接到圣旨后,李元吉得意非凡,六月二日,即赶到兵部大堂,发之调秦王府的尉迟敬德、程咬金、秦叔宝、段志玄等人到帐下听令,另派亲信持圣旨到秦王府任选精锐军士随军出征。要求所有人员在六月五日前到位,六月六日在昆明池誓师出征。六月丁巳日,太白经天(昼见午上为经天)。太白阴星,出东当伏东,出西当伏西,过午则经天。太白经天,预示着天下革,民更王。  

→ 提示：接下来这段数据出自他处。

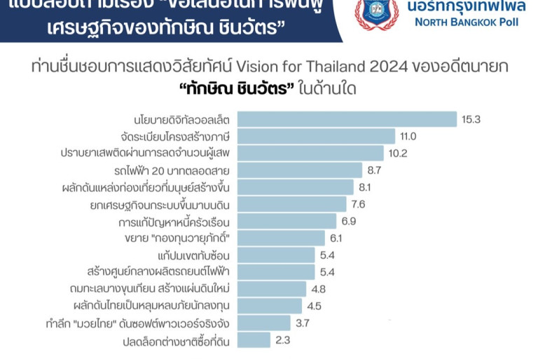 ทั้งนี้แนวทางการฟื้นฟูเศรษฐกิจ ของนายทักษิณ ชินวัตร อดีตนายกรัฐมนตรี ที่ได้แสดงวิสัยทัศน์ Vision for Thailand 2024 ประกอบไปด้วย 14 ประเด็นที่เป็นข้อเสนอแนะ โดยหากเรียงตามความชื่นชอบและให้ความสนใจมากสุด ของประชาชนชาวไทยที่ได้ทำการสำรวจทั้งหมดพบว่า อันดับที่ 1. เป็นนโยบายดิจิทัลวอลเล็ต 15.3% อันดับที่ 2. จัดระเบียบโครงสร้างภาษี 11% อันดับที่ 3.ปราบยาเสพติดผ่านการลดจำนวนผู้เสพ 10.2% อันดับที่ 4. รถไฟฟ้า 20 บาทตลอดสาย 8.7% อันดับที่ 5. ผลักดันแหล่งท่องเที่ยวที่มนุษย์สร้างขึ้น 8.1% อันดับที่ 6.ยกเศรษฐกิจนอกระบบขึ้นมาบนดิน 7.6 %

好像预示着什么大事要出现,秦王府里戒备森严。三步一岗,五步一哨,人人神情严峻,好像有什么大事要发生。后院的一个工房里,几十个妇女在紧张地忙碌着缝制一新的甲衣。秦王妃长孙氏一边飞针走线,一边招呼大家把逢好的甲衣码在墙边。王府的后厅里,李世民、长孙无忌、高士廉、尉迟敬德、侯君集等人围坐在一块,撑手咬牙,紧张地商讨对策。  

外号“小诸葛”的高士廉说:“太白经天,其占为兵丧,为不臣,为更王。东宫、齐府虢夺我秦府兵权,即是乱子的开始,天已露征兆,当今之计,需痛下决心,追逐潮流,迎头赶上,躲避矛盾肯定不是办法。”  

长孙无忌焦急地说:“图穷匕首见,调走我们秦府的将士,就是要孤立殿下,置我们于死地,我们不能再犹豫了。”